What the task asks ▸
All entries below must be output word for word, and the pictures left behind.
====== Input material ======
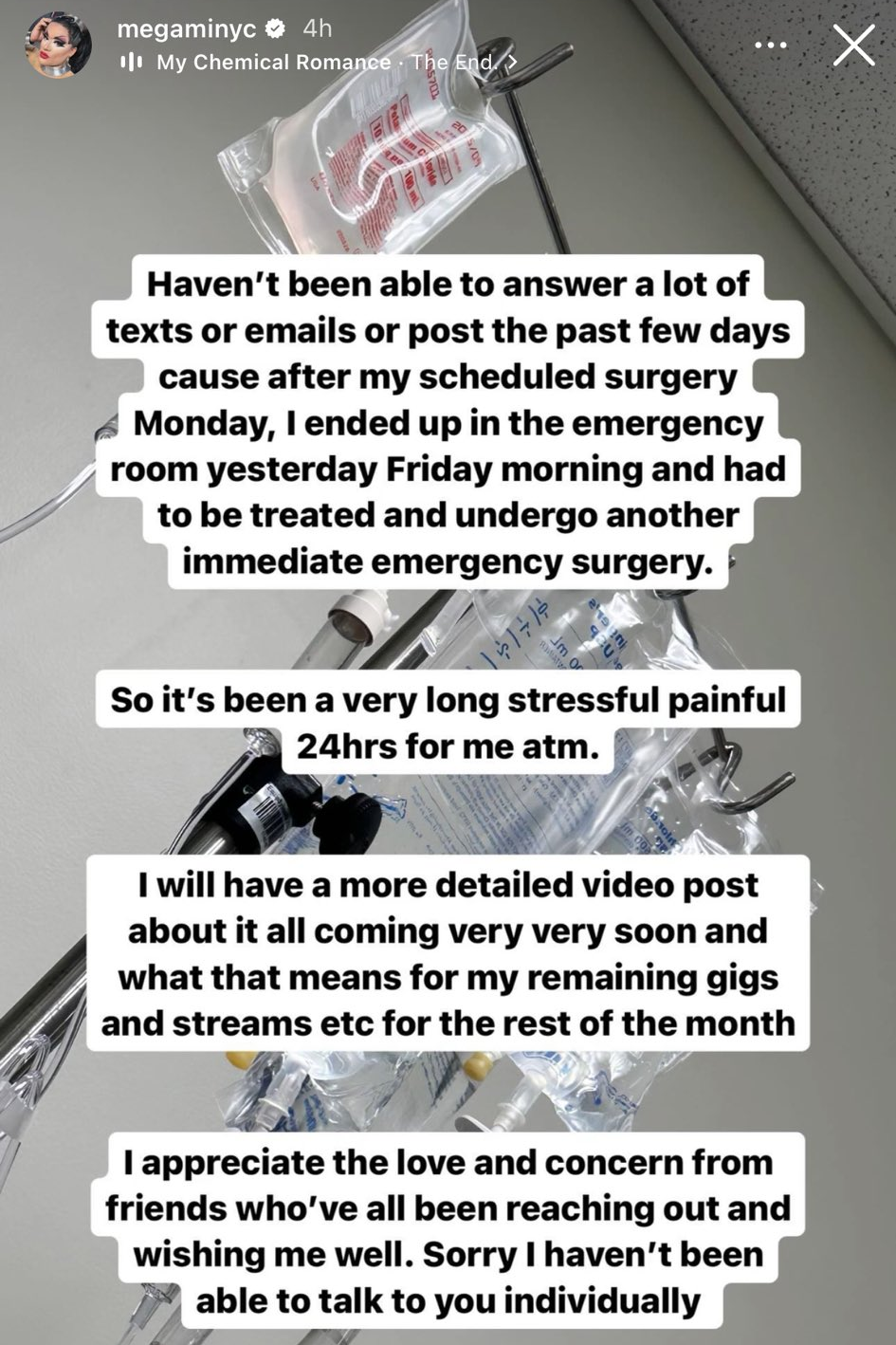 In an update posted on her X/Twitter profile on Saturday (14 December), Megami revealed that she had been in hospital for three days after requiring emergency surgery.
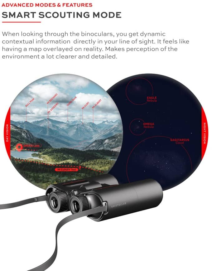 Unistellar Envision може розпізнавати до 200 000 об'єктів на нічному небі та понад 1 млн пам'яток, таких як гори та туристичні стежки. Контекстна інформація в реальному часі накладається поверх зображення, що допомагає користувачу краще орієнтуватися.
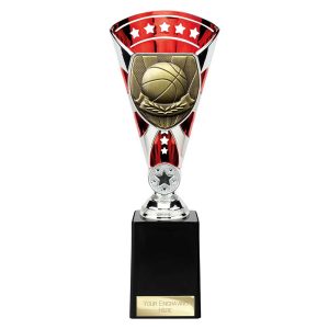 Cobra Star Cup Basketball Silver & Red 255mm – Engraving plate area: 75x55mm
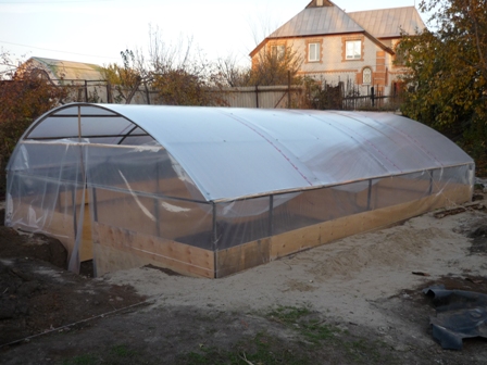 Круто! Я вкопать не сообразил и обогревать проще и еще один сарай на территории не торчит. Правда есть смысл стенки из поликарбоната сделать не гниет и + энергосбережение У меня теплица 4,5х6 "домиком". Высота без крыши 2м. 4 двери для вентиляции. Покрытие 6мм поликарбонат. Зимой ночью свежо в ней, но днем можно находиться без куртки. Поликарбонат фореве. А вот про лето надо думать ;( как бы все не сгорело. Подумываю "маскировочную" сетку натянуть на крышу. Скоро будем высаживаться постраюсь выложить фото на днях.
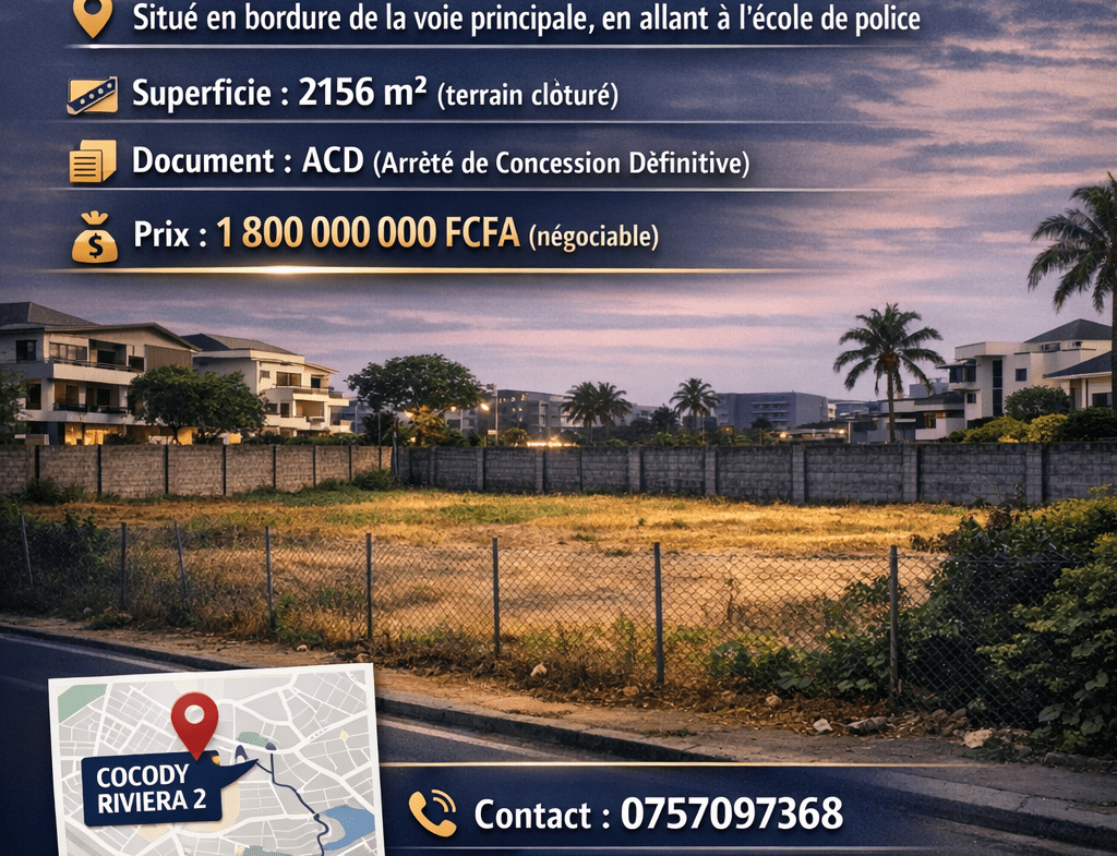 Terrain 2156m² avec ACD en vente cocody riviera 2
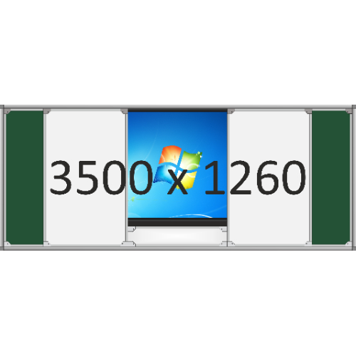 Доска раздвижная рельсовая (маркер в центре+мел по бокам), 3500х1260 мм. с нишей для интерактивной панели 1820х1070х160 мм.
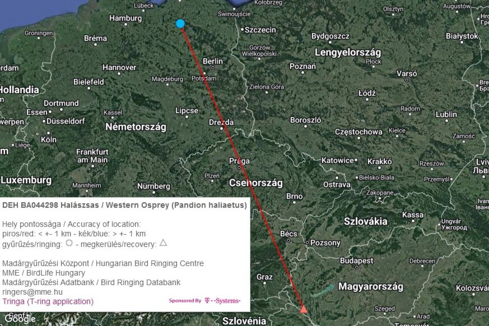 A Magyar Madártani és Természetvédelmi Egyesület Madárgyűrűzési Központjából kaptunk tájékoztatást a megfigyelt madárról. Kiderült, hogy 2023. június 26-án, ÉK-Németországban található Wendisch Waren település melletti 3 fiókás fészekben gyűrűzték az ottani szakemberek. A jeladó szerint Nagykanizsa mellett tartózkodott 2023. november 15 és december 2 között. A gyűrűzése és Nagykanizsára érkezése között majdnem 5 hónap telt el, és légvonalban mérve 869 km a távolságot tett meg.
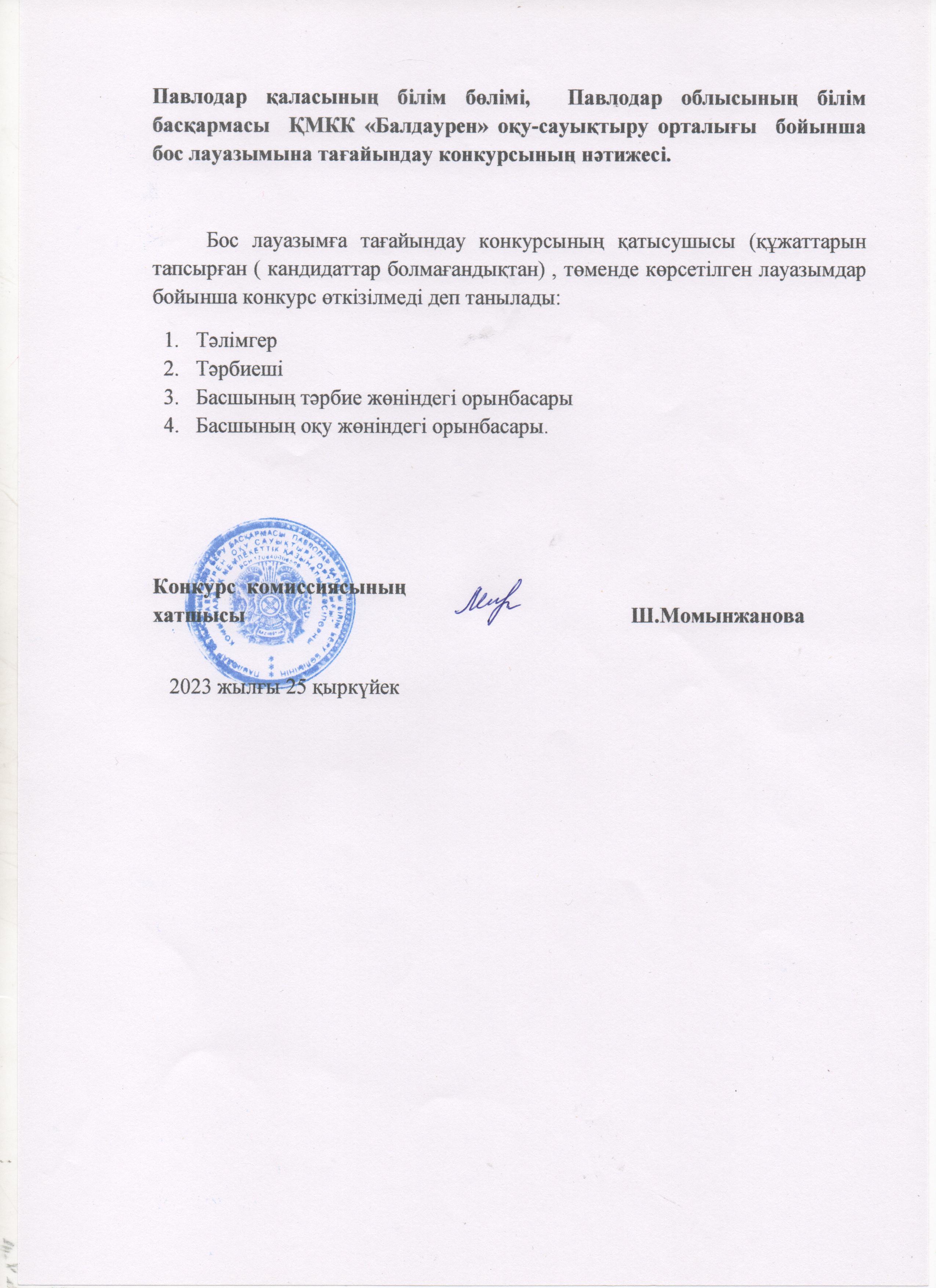Павлодар қаласының білім бөлімі, Павлодар облысының білім басқармасы ҚМКК «Балдаурен» оқу-сауықтыру орталығы бойынша бос лауазымына тағайындау конкурсының нәтижесі.
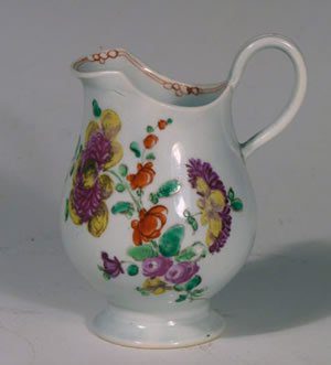 A Liverpool porcelain milk jug of a rare form with a very broad spout. It is painted in enamels with floral sprays and a red five circle border.
======
Answer to this problem ▸
 In an update posted on her X/Twitter profile on Saturday (14 December), Megami revealed that she had been in hospital for three days after requiring emergency surgery.
 Unistellar Envision може розпізнавати до 200 000 об'єктів на нічному небі та понад 1 млн пам'яток, таких як гори та туристичні стежки. Контекстна інформація в реальному часі накладається поверх зображення, що допомагає користувачу краще орієнтуватися.
 Cobra Star Cup Basketball Silver & Red 255mm – Engraving plate area: 75x55mm
 Круто! Я вкопать не сообразил и обогревать проще и еще один сарай на территории не торчит. Правда есть смысл стенки из поликарбоната сделать не гниет и + энергосбережение У меня теплица 4,5х6 "домиком". Высота без крыши 2м. 4 двери для вентиляции. Покрытие 6мм поликарбонат. Зимой ночью свежо в ней, но днем можно находиться без куртки. Поликарбонат фореве. А вот про лето надо думать ;( как бы все не сгорело. Подумываю "маскировочную" сетку натянуть на крышу. Скоро будем высаживаться постраюсь выложить фото на днях.
 Terrain 2156m² avec ACD en vente cocody riviera 2
 Доска раздвижная рельсовая (маркер в центре+мел по бокам), 3500х1260 мм. с нишей для интерактивной панели 1820х1070х160 мм.
 A Magyar Madártani és Természetvédelmi Egyesület Madárgyűrűzési Központjából kaptunk tájékoztatást a megfigyelt madárról. Kiderült, hogy 2023. június 26-án, ÉK-Németországban található Wendisch Waren település melletti 3 fiókás fészekben gyűrűzték az ottani szakemberek. A jeladó szerint Nagykanizsa mellett tartózkodott 2023. november 15 és december 2 között. A gyűrűzése és Nagykanizsára érkezése között majdnem 5 hónap telt el, és légvonalban mérve 869 km a távolságot tett meg.
Павлодар қаласының білім бөлімі, Павлодар облысының білім басқармасы ҚМКК «Балдаурен» оқу-сауықтыру орталығы бойынша бос лауазымына тағайындау конкурсының нәтижесі.
 A Liverpool porcelain milk jug of a rare form with a very broad spout. It is painted in enamels with floral sprays and a red five circle border.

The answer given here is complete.